I wanted to read Digger's work too. The score I give you wont matter without him, so I'll hold off on giving you credit just yet.
I enjoyed the story, I did like the comparison between the carefree Orc and the grimfaced Warrior. I had a feeling you were going to play more on the comparison though.
I know that it's easier to say in hindsight, but I would have written a slightly different ending. I expected at any moment for some embodiment of Khorne to come down and chose the Orc over the Warrior, as the rightful bearer of the sword. Khorne cares not from whom the blood flows, so long as there's blood. It would have conveyed a message like "Love is good, but obsession only stands in the way of the great purpose". The Warrior hadn't killed much, whereas the Orc was fresh from slaughter and lived for war.

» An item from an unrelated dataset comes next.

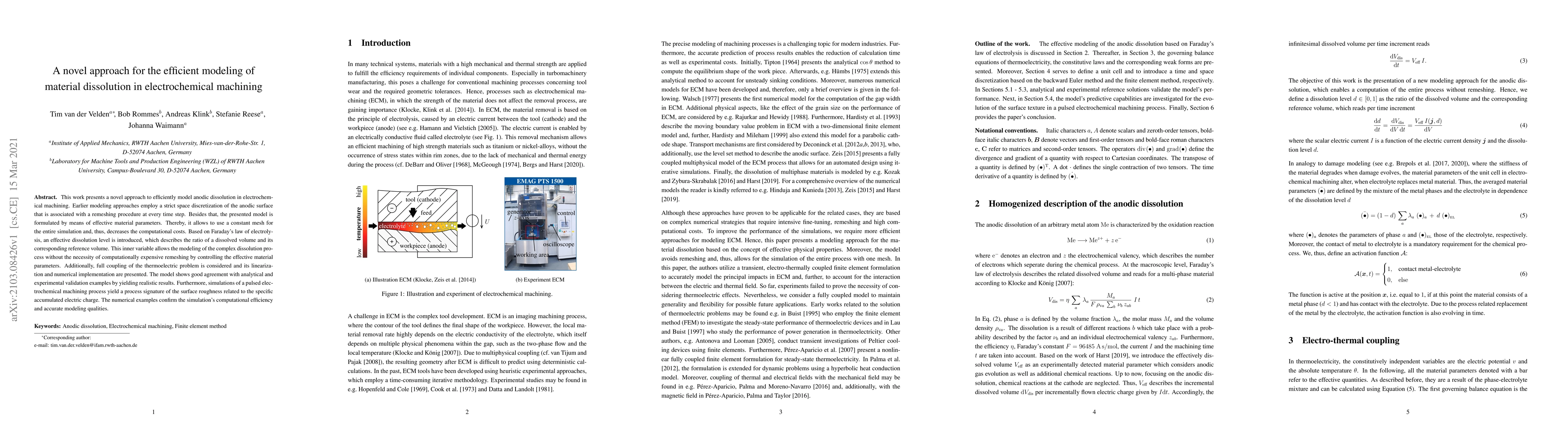 This paper introduces a novel, efficient modeling approach for anodic dissolution in electrochemical machining, utilizing effective material parameters and constant mesh, reducing computational costs. The model, based on Faraday's law, incorporates an effective dissolution level for accurate simulation without remeshing, validated through analytical and experimental comparisons.

Good story though- I kept getting sunny, happy, almost "Huck Finn" images in my head with the Orcs, and the speech was well done and quite intelligible, as it should be.
Voting withheld until Digger posts his story or capitulates
Deadstar_MRC (4/5): I liked the punchline. It was well crafted. I also liked the jump from character to character. The only thing keeping me from giving you a 5 is just this gut feeling that there's something... not quite right about the orc boss... especially his final words. Well. I'm not gonna worry too much about it. Good job.
Without any resistance Deadstar was free to score 12,5 votes against the fluffless Digger.